Sulla destra del presbiterio si trova l’entrata per la cappella invernale, uno spazio rettangolare con un’unica navata, con pareti gremite di varie opere molto interessanti. Entrando nella cappella e guardando subito verso sinistra la prima opera che si osserva è La Deposizione di Pietro Roi, che ritrae per l’appunto il momento della deposizione del corpo di Cristo morto con attorno diverse figure, tra cui la Vergine Maria che regge il capo del figlio sulle ginocchia, Maddalena, san Giovanni evangelista, Nicodemo e Giuseppe d’Arimatea. Proseguendo ci si trova davanti alla tela centinata di San Francesco in estasi, dove si vede il santo con le braccia aperte verso l’immagine di Cristo in gloria che appare da sinistra. Più interessante il dipinto seguente, La Madonna, Cristo, San Giuseppe in gloria e i fedeli sandricensi di Alessandro Maganza, risalente al XVI secolo. Una tela divisibile in due zone, una prima posta più in lato che presenta un’immagine corale di santi con Cristo al centro, mentre nel secondo livello, più in basso, troviamo una fiumani di uomini e al centro un sacerdote e un chierichetto che assistono a questa apparizione divina, tanto che molti hanno le mani al petto o si stanno togliendo il copricapo.
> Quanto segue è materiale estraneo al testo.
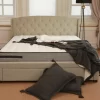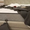 – Vải bọc dệt kim Knit cao cấp: Mặt đệm được bao phủ bởi lớp vải dệt kim Knit 3 lớp, với cấu trúc mềm mại và đàn hồi tốt. Cấu trúc này gồm: lớp vải dệt kim phía trên, lớp giữa là sợi bông và lớp lót ổn định sợi bên dưới, tạo nên cảm giác thoáng mát vào mùa hè và giữ nhiệt ấm áp vào mùa đông. Với khả năng kháng khuẩn vượt trội, vải Knit không chỉ mang lại cảm giác thoải mái mà còn bảo vệ sức khỏe người dùng, đặc biệt phù hợp với những ai có làn da nhạy cảm.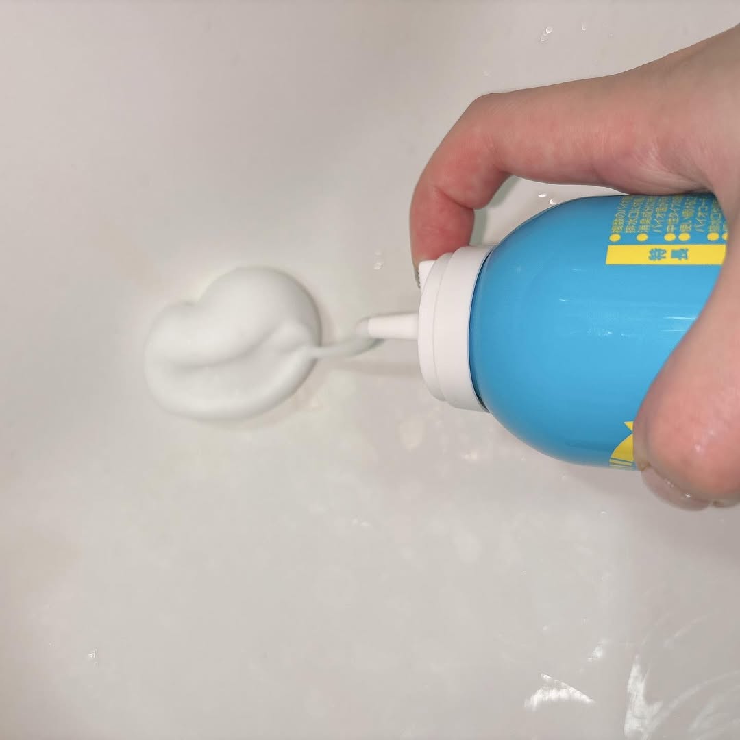 洗面台とお風呂、キッチンの水回りに使ってます!振って噴射するだけで泡がもこもこ出来て汚れと臭いを掃除してくれます☺️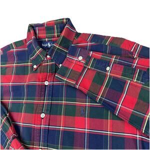 Ralph Lauren Men’s Button Down Shirt Size Large Red Green Navy Tartan Plaid 100% Cotton Classic Fit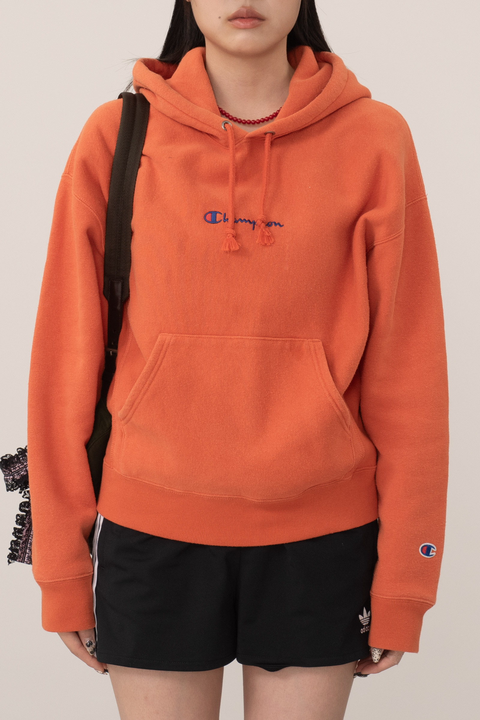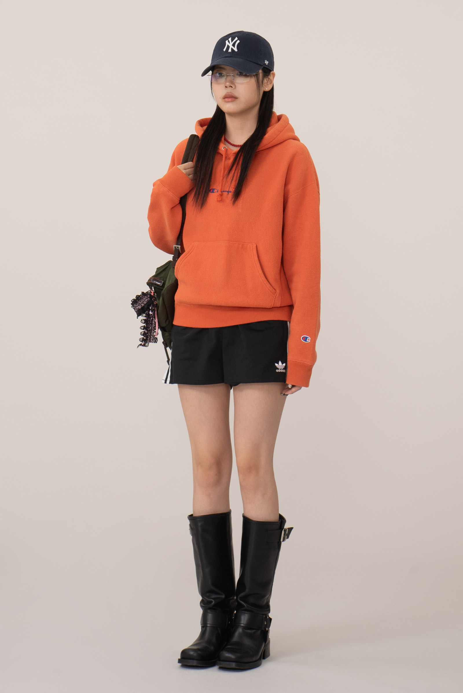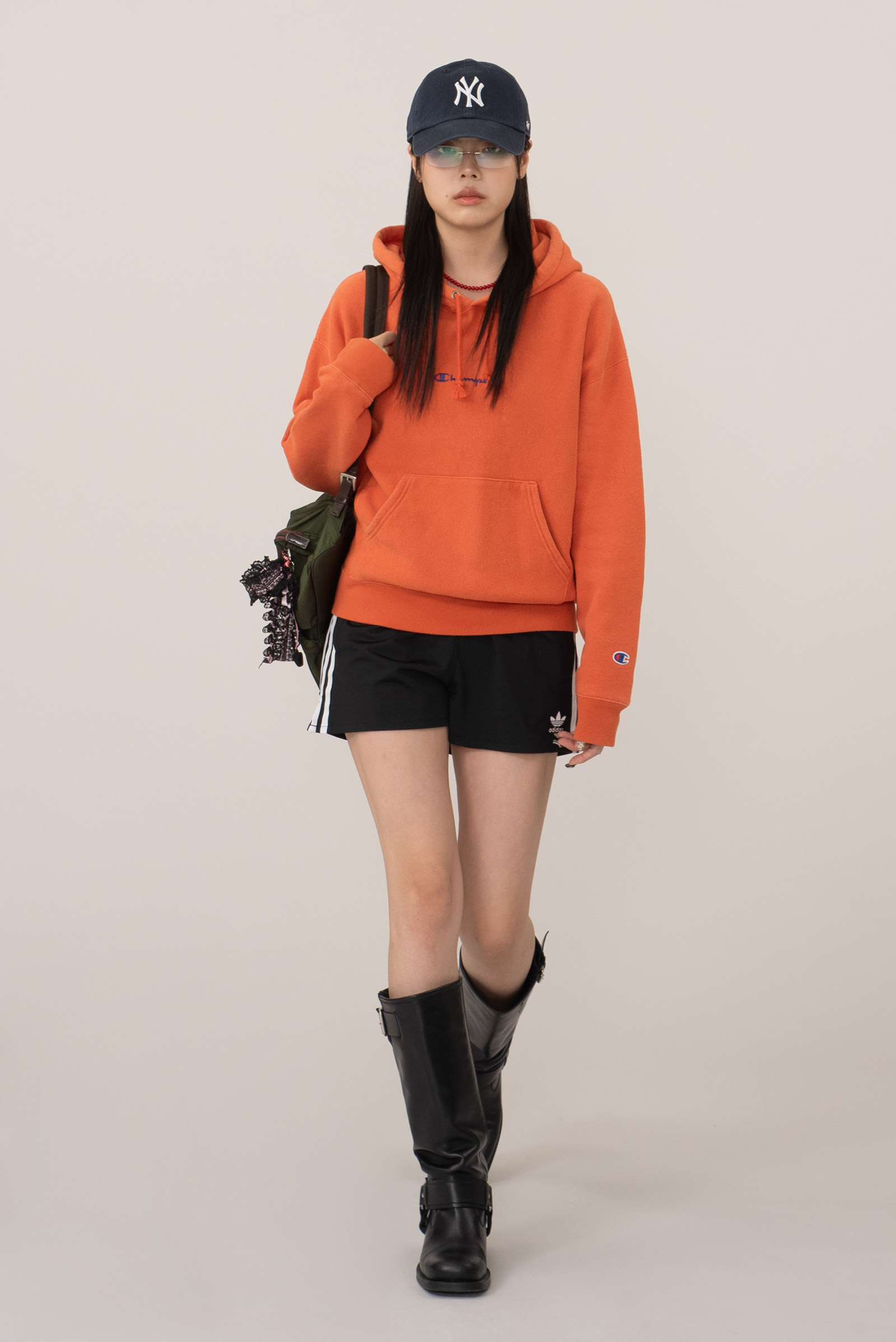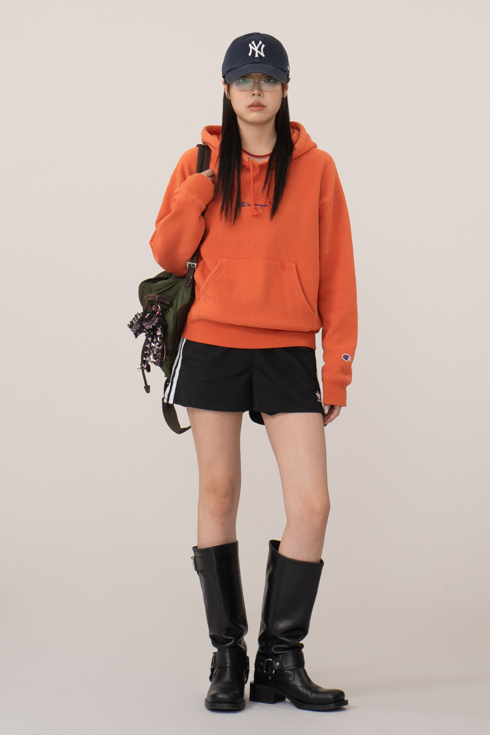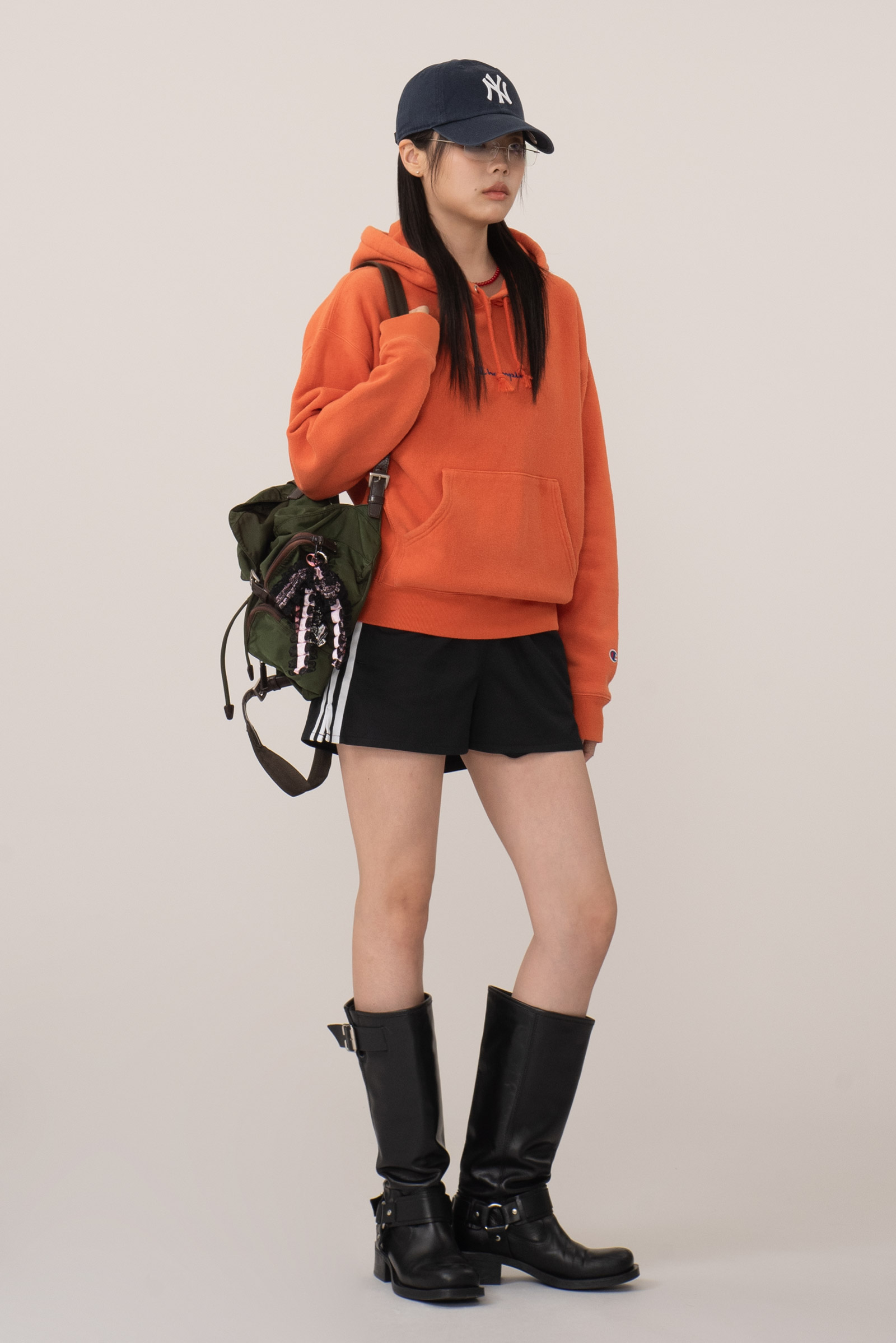 비비드한 오렌지 톤 컬러가 일반적인 블랙, 그레이 계열과 달라 희소성을 띠고 가슴이 아닌 전면 중앙에 챔피온 자수가 들어가 있어서 훨씬 유니크하답니다.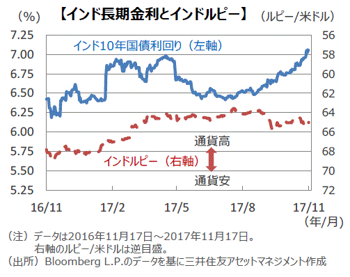 ■格上げが発表されたのは米国時間の16日で、翌日のインド金融市場はそれを好感した動きとなりました。株式のセンセックス指数は前日比0.7%上昇、通貨ルピーも上昇し、債券利回りは低下(債券価格は上昇)しました。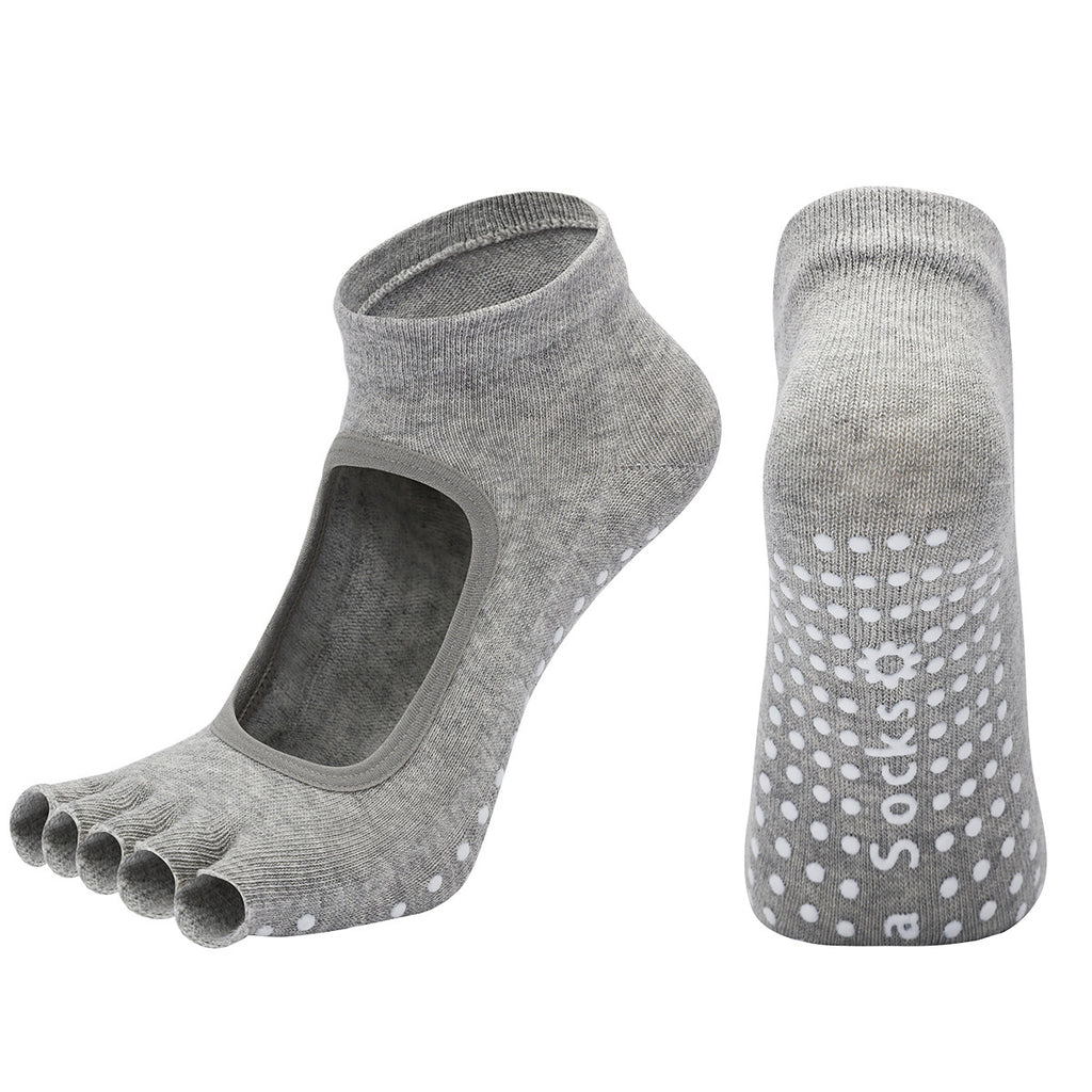 Light Grey 3-Pack Women's Non-Slip Five-Finger Yoga Socks - Open Back Combed Cotton Pilates & Fitness Grip Socks for Professional Exercise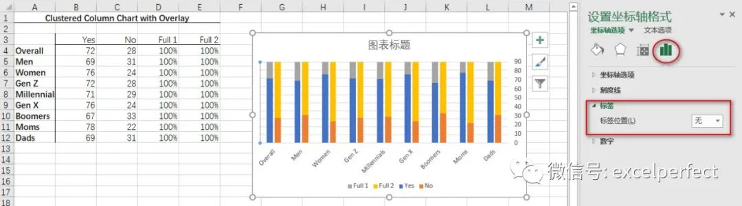 由于我们不需要在坐标轴旁看到百分比标签,因此可以设置标签位置为“无”,如下图11所示。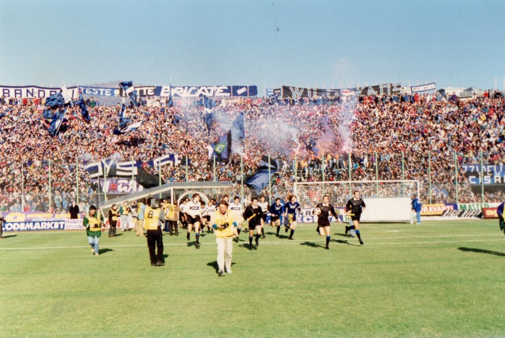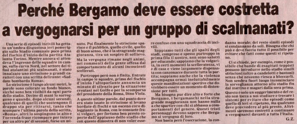 In Nord striscione, anche abbastanza ridicolo, sulla Guerra del Golfo, “Saddam bombarda Roma” cori e “canzonacce” nel minuto di raccoglimento per la scomparsa del presidente della Roma Viola.

Nella tela sono raffigurati dei personaggi molto noti della Sandrigo del cinquecento, in particolare riconosciamo Oliviero Sesso, fratello di Silvio. L’ultima opera di questa piccola navata è la tela di San Francesco e gli animali del sandricense Antonio Peruzzo, datato 1941. Il santo è qui rappresentato seduto con le braccia e lo sguardo alzati in segno di lode, mentre intorno a lui si radunano una serie di animali. Nell’abside della cappella è collocato l’altare lapideo del XV secolo, l’elemento più antico della chiesa, all’interno del quale è stata posta una statuetta della Madonna con Bambino. Nella nicchia a destra si trova poi il crocifisso ligneo settecentesco circondato da cuori ex voto. Delle formelle in legno scolpito provenienti dal continente africano scandiscono infine le pareti della cappella.

La sacrestia

Partendo dal presbiterio e andando verso sinistra si arriva all’entrata della sacrestia, un luogo angusto, ma ugualmente ricco di opere interessanti. Qui è infatti collocato un ritratto ad olio su tela di Monsignor Arena realizzato in occasione delle sue nozze d’argento nel 1925, o ancora un rilievo ligneo che riproduce il Battesimo di Gesù del Verrocchio. Sono due però le tele che attirano maggiormente l’attenzione, la prima che prendiamo in analisi raffigura la scena del sacrificio di Isacco, è immortalato l’attimo esatto in cui l’angelo arriva a fermare Abramo che sta per assassinare il figlio.  Nonostante il grado di conservazione non sia dei migliori e i colori terrosi del dipinto non lo rendano facile alla lettura si è arrivati alla conclusione che l’autore, con ogni probabilità, sia Francesco Maffei, allievo di Alessandro Maganza. La seconda tela che merita una menzione onorevole è sicuramente quella di Sa Pietro piangente posta sopra alla porta che conduce al presbiterio. Si tratta anche in questo caso di un olio su tela di fattura seicentesca e il pittore deve aver ricevuto l’influenza dei maestri Ribera lo Spagnoletto e Guido Reni. Gli occhi del santo sono penetranti ed esplicitano tutto il suo turbamento interiore, angoscia e pentimento sono trasmessi alla perfezione e si comprende facilmente come il soggetto stia vivendo un momento fortemente drammatico. Il protagonista del dipinto è fortemente caratterizzato, tuttavia non si può dire lo stesso dei putti sullo sfondo probabilmente di fattura successiva.